Zuenir Ventura: personagem, testemunha e narrador da História
Zuenir Ventura é uma testemunha da história. Jornalista, professor e agora imortal da Academia Brasileira de Letras, ele viveu para contar e resgatar a memória de um dos períodos mais sombrios da história recente do Brasil. Seu livro “1968 – o ano que não terminou” é um dos mais célebres registros sobre a época da ditadura militar.
Publicado 28/12/2014 10:01
A edição especial do Brasilidade traz um personagem cujo papel fundamental tem sido transmitir às diferentes gerações a necessidade de se falar sobre princípios básicos como liberdade e democracia. “Você precisa do passado para entender o presente e para construir o seu futuro”, pondera.
O jornalista diz que até hoje ainda é difícil lembrar do que aconteceu com pessoas próximas; vítimas de perseguições, torturas e mortes. Para escrever “1968”, Zuenir diz que ouviu muitas pessoas e mergulhou em documentos, registros e qualquer outra forma de traduzir, com fidelidade, os episódios e situações históricas. “Em 1987, quando eu estava escrevendo sobre 68, eu só pensava em 68. Quase não lembro do que aconteceu em 87, eu acho que fiquei até meio chato, porque só perguntava às pessoas onde elas estavam e o que elas estavam fazendo em 68”, conta.
Para Zuenir, um dos episódios mais marcantes foi o dia 13 de dezembro daquele ano, quando foi instituído o AI-5, revogando direitos individuais e deflagrando diversas operações de captura, tortura e assassinatos. Ele diz que a censura, as perseguições e o cerceamento à informação foram os principais prejuízos para a sociedade da época. “A matéria prima do jornalista, que é a liberdade, é o ar que a gente respira. Eu acho que o prejuízo maior foi para a sociedade, porque, claro que nós, jornalistas, sofremos muito, mas a sociedade ficou sem saber o que estava acontecendo. Hoje, quando um jovem diz para mim assim: ‘Não, mas olha, hoje também, hoje tem censura do mercado’, eu falo: ‘Olha, você não sabe o que é viver sob censura’, avalia.
Ele lembra do episódio de uma tentativa de tentar retratar o contexto da época sem o veto imposto pela censura. “Tem uma edição histórica do Jornal do Brasil que tenta furar a censura. Saía assim, em cima do jornal, no cabeçalho, ao lado, a temperatura, a meteorologia, e aí a meteorologia daquele dia era assim: ‘Tempo escuro, sujeito a tempestade, não sei o quê’, que era uma forma, era uma tentativa de você passar a informação de que estava sob censura, mas era tudo muito sutil, que o leitor, o leitor médio, ele não percebia. Mas aí começa a tentativa de você passar, de alguma maneira, a informação para o seu leitor, mas era muito difícil”, lembra.

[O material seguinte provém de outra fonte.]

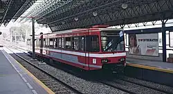 The first 16 TLG-88 (Tren Ligero de Guadalajara, 1988) cars were built by Concarril in Ciudad Sahagún,[6] using propulsion equipment from Melmex (Mitsubishi Electric of Mexico).[18] Another 32 TEG-90 (Tren Eléctrico de Guadalajara, 1990) cars were ordered in 1992 and were manufactured by Bombardier-Concarril SA, a subsidiary of Bombardier Transportation, which had acquired Concarril that year; the TEG-90 cars were built in the same factory as the earlier batch of TLG-88 cars.[6] The first car was delivered in November 1993.[6] The TEG-90 are cosmetically similar to the TLG-88 but use propulsion equipment from Siemens. Both the TLG-88 and TEG-90 are derived from the Stadtbahnwagen B design.[13]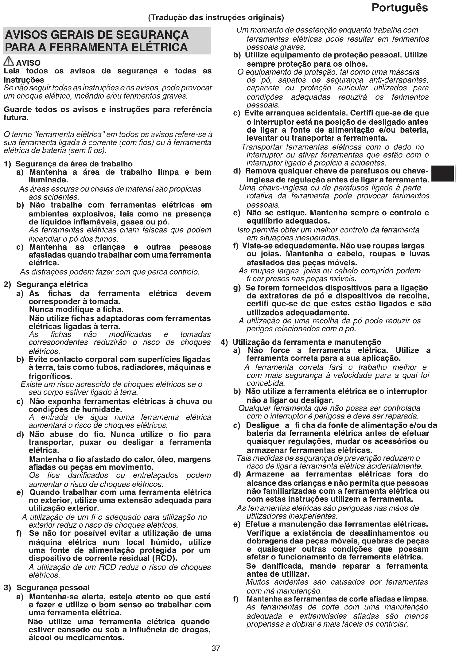El valor total de vibración declarado se ha medido según un método de prueba estándar, y permite comparar unas herramientas con otras. También resulta útil para llevar a cabo evaluaciones preliminares de exposición. ADVERTENCIA ○ La emisión de vibración durante la utilización real de la herramienta eléctrica puede ser diferente del valor total declarado en función de las formas de utilización de la herramienta. ○ Identifi que las medidas de seguridad para proteger al operador basadas en una estimación de exposición en condiciones reales de uso (teniendo en cuenta todas las partes del ciclo de funcionamiento, como tiempos durante los que la herramienta está apagada y durante los que funciona lentamente, además del tiempo de activación). NOTA Debido al programa continuo de investigación y desarrollo de HiKOKI estas especifi caciones están sujetas a cambio sin previo aviso. 0000BookG10SR4.indb360000BookG10SR4.indb36 2017/12/1917:26:072017/12/1917:26:0737 Português Um momento de desatenção enquanto trabalha com ferramentas elétricas pode resultar em ferimentos pessoais graves. b) Utilize equipamento de proteção pessoal. Utilize sempre proteção para os olhos. O equipamento de proteção, tal como uma máscara de pó, sapatos de segurança anti-derrapantes, capacete ou proteção auricular utilizados para condições adequadas reduzirá os ferimentos pessoais. c) Evite arranques acidentais. Certifi que-se de que o interruptor está na posição de desligado antes de ligar a fonte de alimentação e/ou bateria, levantar ou transportar a ferramenta. Transportar ferramentas elétricas com o dedo no interruptor ou ativar ferramentas que estão com o interruptor ligado é propício a acidentes. d) Remova qualquer chave de parafusos ou chave- inglesa de regulação antes de ligar a ferramenta. Uma chave-inglesa ou de parafusos ligada à parte rotativa da ferramenta pode provocar ferimentos pessoais. e) Não se estique. Mantenha sempre o controlo e equilíbrio adequados. Isto permite obter um melhor controlo da ferramenta em situações inesperadas. f) Vista-se adequadamente. Não use roupas largas ou joias. Mantenha o cabelo, roupas e luvas afastados das peças móveis. As roupas largas, joias ou cabelo comprido podem fi car presos nas peças móveis. g) Se forem fornecidos dispositivos para a ligação de extratores de pó e dispositivos de recolha, certifi que-se de que estes estão ligados e são utilizados adequadamente. A utilização de uma recolha de pó pode reduzir os perigos relacionados com o pó.

O próprio Zuenir foi vítima da repressão do período. Preso sem nenhuma acusação formal, passou três meses encarcerado, mas não chegou a sofrer nenhum tipo de violência física. “Eu fui preso sem a menor razão, eu não participei de nenhum movimento. Eu acompanhava, eu era professor, eu acompanhava os jovens numa passeata, numa assembleia, mas nada de importante. Não tinha nenhuma importância política e eu fui preso como muitos foram naquela época, sem saber o porquê. Naquele momento você nunca estava livre da ameaça de tortura, você nunca sabia se chegaria o seu dia. Tive a sorte de ser bem tratado, não ser torturado, mas outros amigos meus, não. E é muito triste lembrar disso”, relata.
Passados 50 anos do golpe militar, Zuenir diz que o Brasil avançou em sua democracia ao instituir a Comissão Nacional da Verdade e passar a limpo um dos episódios mais marcantes de sua história recente. “Eu sofria demais vendo outros países que já tinham comissão da verdade e o Brasil se recusava a abrir os seus arquivos, abrir o seu passado. Está sendo feito e está sendo feito com muito critério, está sendo feito sem nenhum espírito de revanche, sem nenhum espírito de vingança. O que está se querendo fazer é exatamente descobrir o seu passado, rever o seu passado, a sua história e não repetir. Aquele ciclo não tinha se fechado ainda, sem a Comissão da Verdade, sem esse balanço ”, diz.